A farmer had 3 beautiful daughters who were getting ready to go out on dates. The first beau came to the door and said, ''I'm Eddie, I'm here to pick up Betty. We're going for spaghetti, is she ready?'' 
"No," the farmer said. 

The second beau came to the door and said, ''I'm Joe, I'm here to pick up Flo to take her to the show. Is she ready to go?'' 

"No." 

The third beau came to the door and said to the farmer. ''Hello, my name is Chuck.'' 

The farmer shot Chuck.


----------



## jkane (Oct 12, 2007)

What was the third daughters name? Muck? Pluck? Stuck?

I don't get it.


----------



## Stuart Sweet (Jun 19, 2006)

"Mulva".


----------



## glennb (Sep 21, 2006)

"Mulva" was the only thing that made me chuckle in this thread.


----------



## Pink Fairy (Dec 28, 2006)




----------



## Draconis (Mar 16, 2007)

Well I got the joke, I just have no idea what "Mulva" means.


----------



## Joe Bernardi (May 27, 2003)

Ratara said:


> Well I got the joke, I just have no idea what "Mulva" means.

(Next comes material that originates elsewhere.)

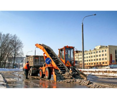 Машина погрузочная универсальная АМКОДОР 37 предназначена для погрузки в транспортные средства свежевыпавшего снега, уплотненного снега и сколотого льда, предварительно собранного в валы и кучи.

It's from a Seinfeld episode.

Unable to remember the name of the woman he is dating, Jerry tries to pick up clues to solve the mystery. Given the clue that her name rhymes with a part of the female anatomy, Jerry and George try to come up with possible candidates: Aretha (for urethra), Celeste (for breast), Bovary (for ovary), and Mulva (for vulva). The pay-off of the joke comes at the end of the episode when she presses him to say her name. Jerry guesses Mulva, causing her to storm out of Jerry's apartment. In a flash of insight, Jerry runs to the window and yells out, "Dolores!" (for clitoris).


----------



## Draconis (Mar 16, 2007)

Thanks for the explanation, I never watched Seinfeld.


----------



## Nick (Apr 23, 2002)

Thanks, Joe...perhaps you should contribute more often!

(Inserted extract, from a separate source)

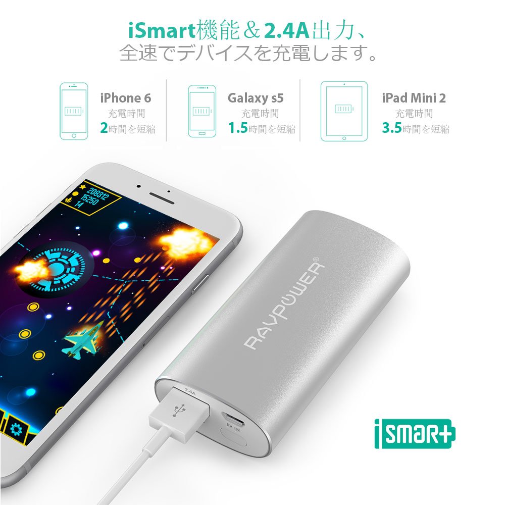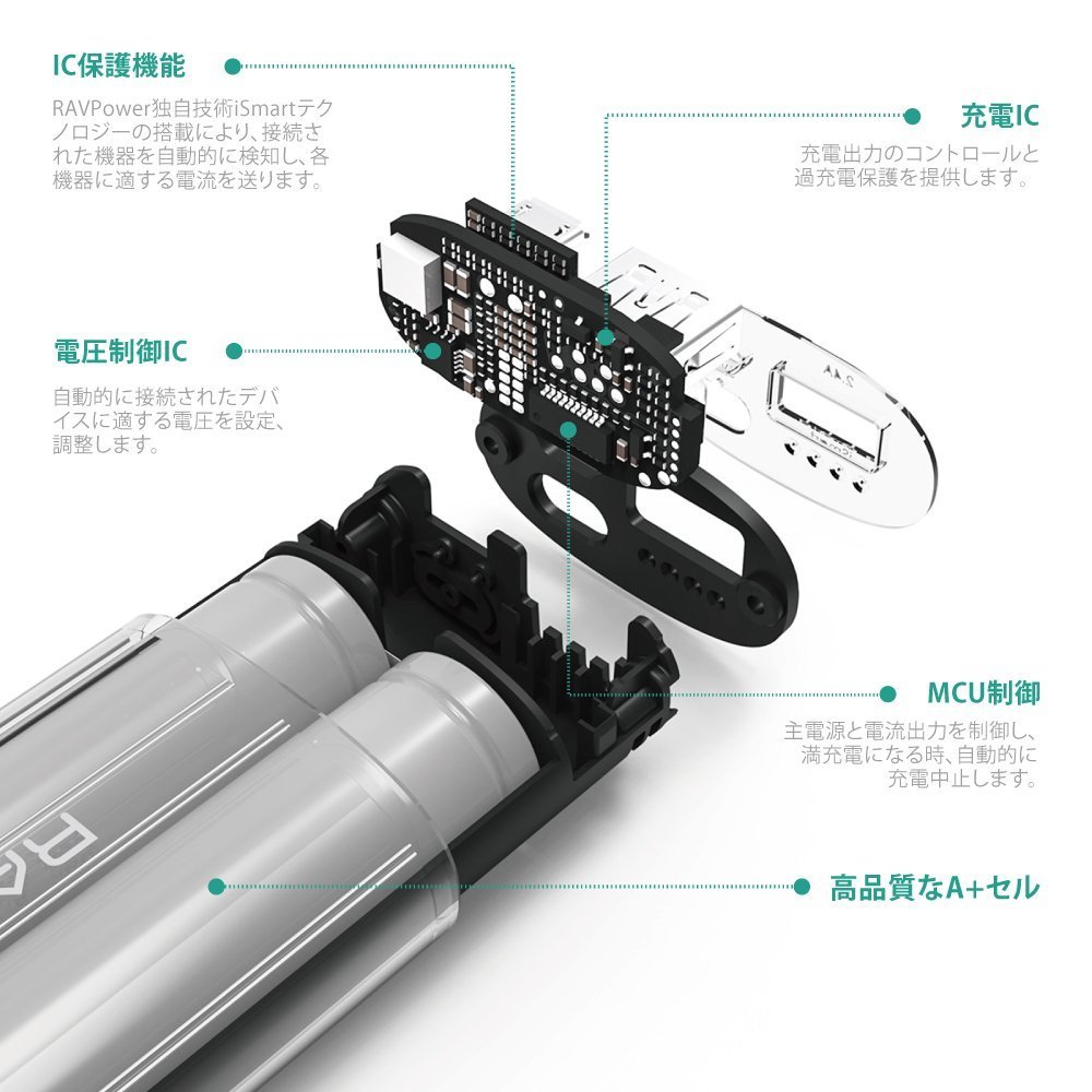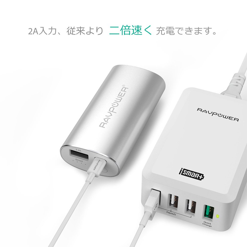 RAVPower proprietary technology By installing the iSmart function, connected devices can be automatically detected, the optimum current can flow through each device, and the charging time can be shortened.

For all these years I thought the character's name on Seinfeld was _Enis!_


----------



## Joe Bernardi (May 27, 2003)

Nick said:


> Thanks, Joe...perhaps you should contribute more often!
> 
> For all these years I thought the character's name on Seinfeld was _Enis!_


I'd post more but the frequent posters know a lot more than I do.

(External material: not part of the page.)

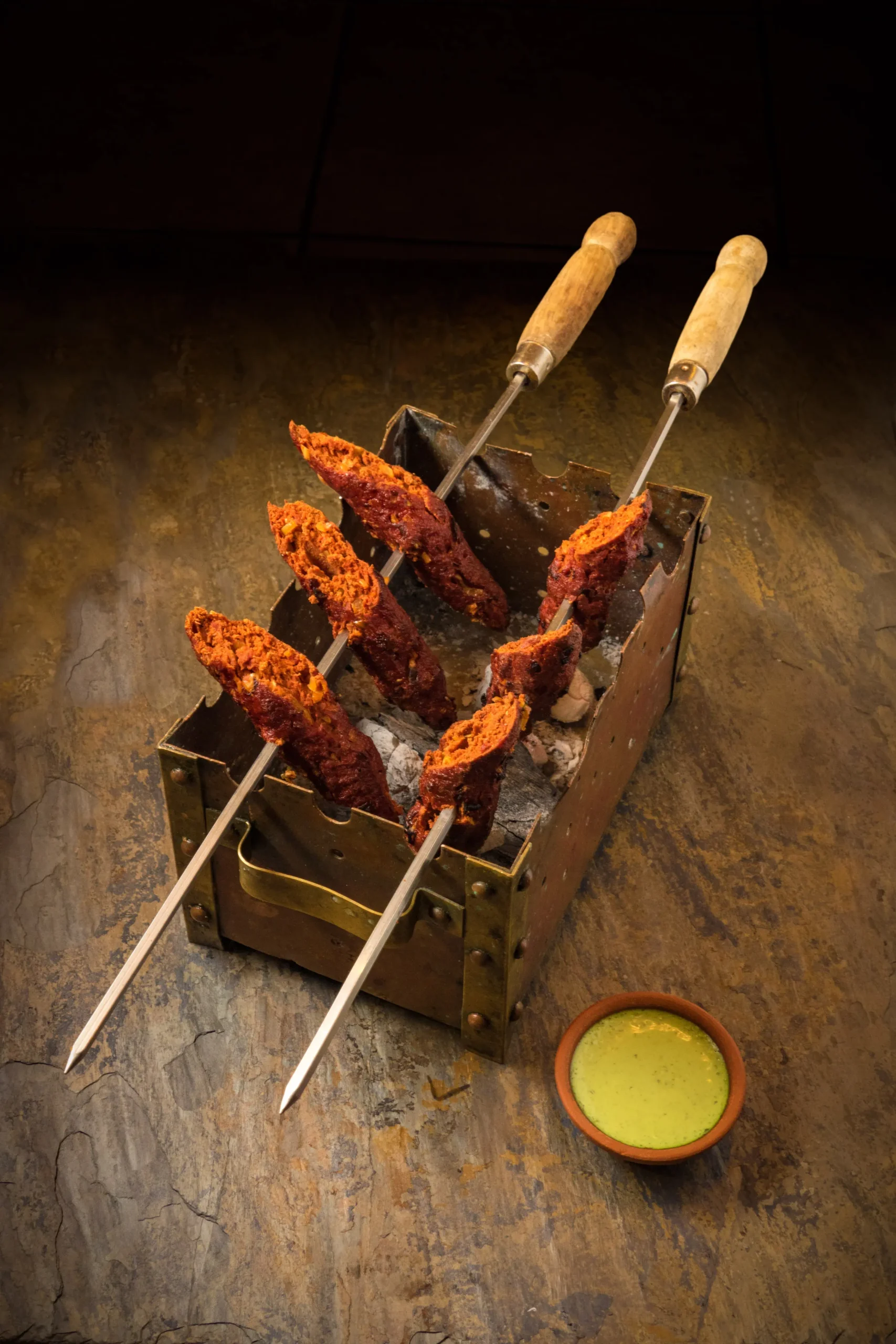 An assortment of Chicken, Fish, Shrimp & Mutton kebabs

_I always thought Seinfeld's date's name was Regina._


----------



## machavez00 (Nov 2, 2006)

her name is Joy Luck


----------



## Nick (Apr 23, 2002)

Joe Bernardi said:


> I'd post more but the frequent posters know a lot more than I do...[/I]


Well, _you_ knew what a _"Mulva"_ was and a lot of us didn't! 

Not knowing anything doesn't keep me from posting, as my
ridiculously huge post count will confirm.


----------



## Joe Bernardi (May 27, 2003)

Oh, oh. I'm caught, Nick.

I *did* remember what Mulva referred to, but I should have credited Wikipedia for the detailed post I made.

Am I fired from this "newspaper"?


----------



## Nick (Apr 23, 2002)

No, of course not, Joe, but you may well qualify for a job with the NYT! 

Full disclosure is good for for the soul, isn't it!


----------